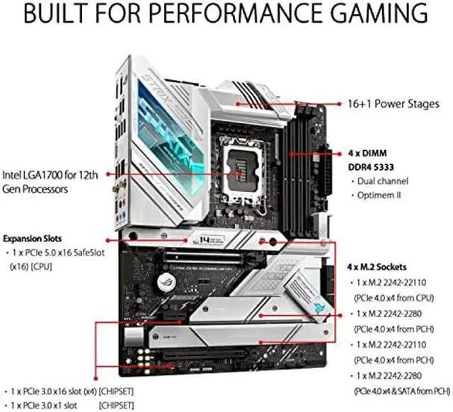ROG STRIX Z690A GAM WF D4 Motherboard with Intel LGA 1700 socket: Ready for 12th Gen Intel Processors,Optimal Power Solution: 16+1 DrMos with ProCool II power connector, high-quality alloy chokes and durable capacitors to support multi-core processors
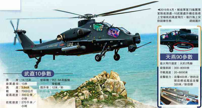 此次訓(xùn)練首次展示了武直-10仰射天燕-90導(dǎo)彈。武直-10利用島礁,低空隱蔽接近目標(biāo)并迅速佔(zhàn)領(lǐng)攻擊陣位,採取大仰角發(fā)射天燕-90,越過島礁,對靶標(biāo)進(jìn)行精確打擊。而此前武裝直升機(jī)大多採用水平直射或略微傾角的方式實(shí)施攻擊。大仰角發(fā)射顯示了全向攻擊能力。
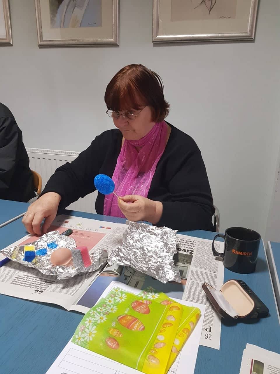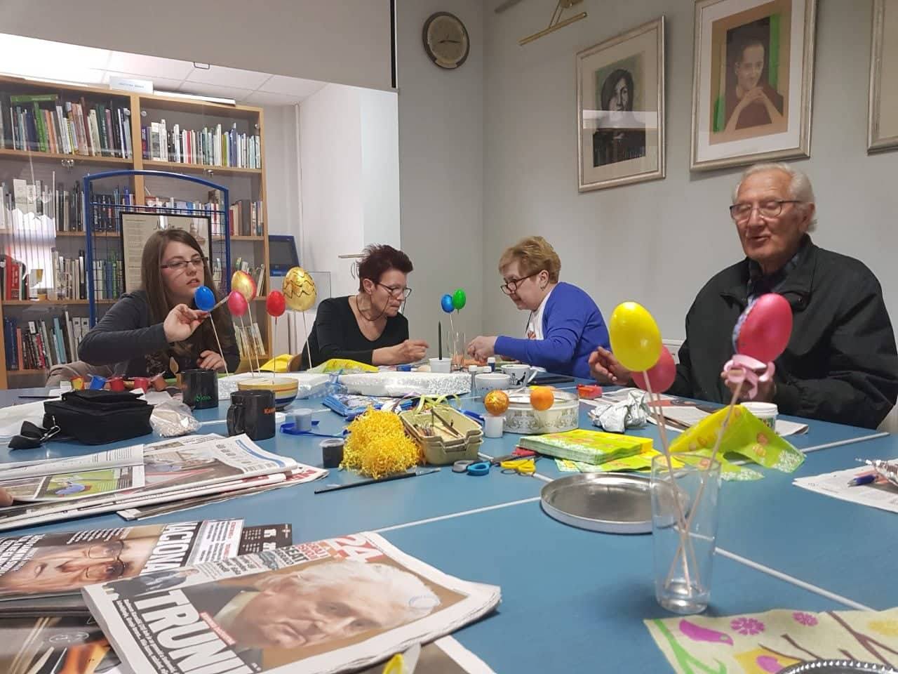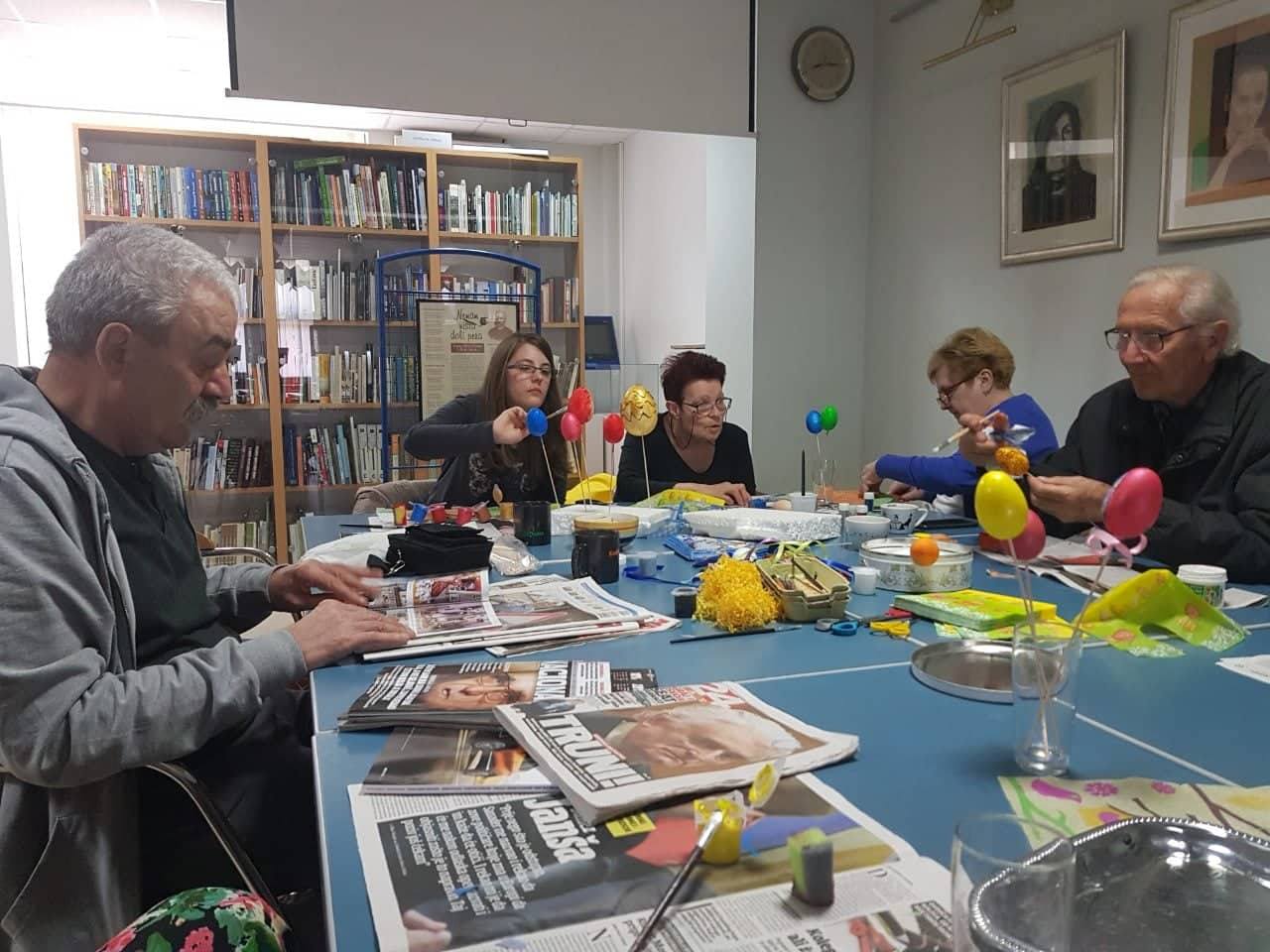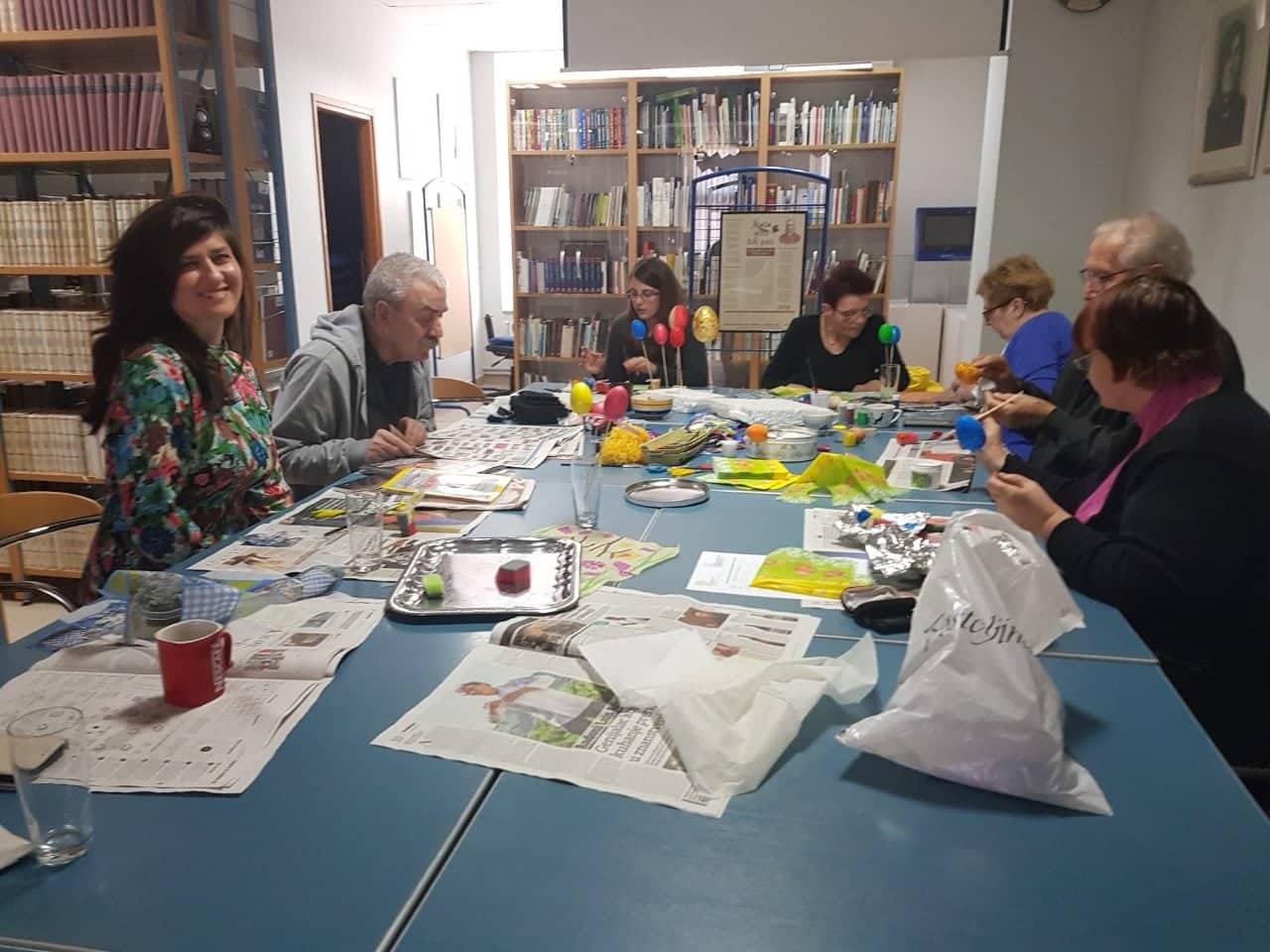 Povodom nadolazećeg blagdana Uskrsa, u četvrtak 21. ožujka održana je radionica ukrašavanja pisanica, a koju je vodila knjižničarka Sanja Lacković. Članovi Društva pisanice su ukrašavali decoupage tehnikom (salvetnom tehnikom) koja je unazad nekoliko godina postala vrlo popularan, jednostavan i efektan način dekoracije uskršnjih pisanica, a za koju su potrebni jaja, kist, salvete različitih motiva, ljepilo ili bjelanjak.

=======

**Exercise requirements:** With pictures omitted, copy exactly the lines from the one containing "此次訓(xùn)練首次展示了" through the final line of the listing, both included.

**Answer space:**
 此次訓(xùn)練首次展示了武直-10仰射天燕-90導(dǎo)彈。武直-10利用島礁,低空隱蔽接近目標(biāo)并迅速佔(zhàn)領(lǐng)攻擊陣位,採取大仰角發(fā)射天燕-90,越過島礁,對靶標(biāo)進(jìn)行精確打擊。而此前武裝直升機(jī)大多採用水平直射或略微傾角的方式實(shí)施攻擊。大仰角發(fā)射顯示了全向攻擊能力。
 Povodom nadolazećeg blagdana Uskrsa, u četvrtak 21. ožujka održana je radionica ukrašavanja pisanica, a koju je vodila knjižničarka Sanja Lacković. Članovi Društva pisanice su ukrašavali decoupage tehnikom (salvetnom tehnikom) koja je unazad nekoliko godina postala vrlo popularan, jednostavan i efektan način dekoracije uskršnjih pisanica, a za koju su potrebni jaja, kist, salvete različitih motiva, ljepilo ili bjelanjak.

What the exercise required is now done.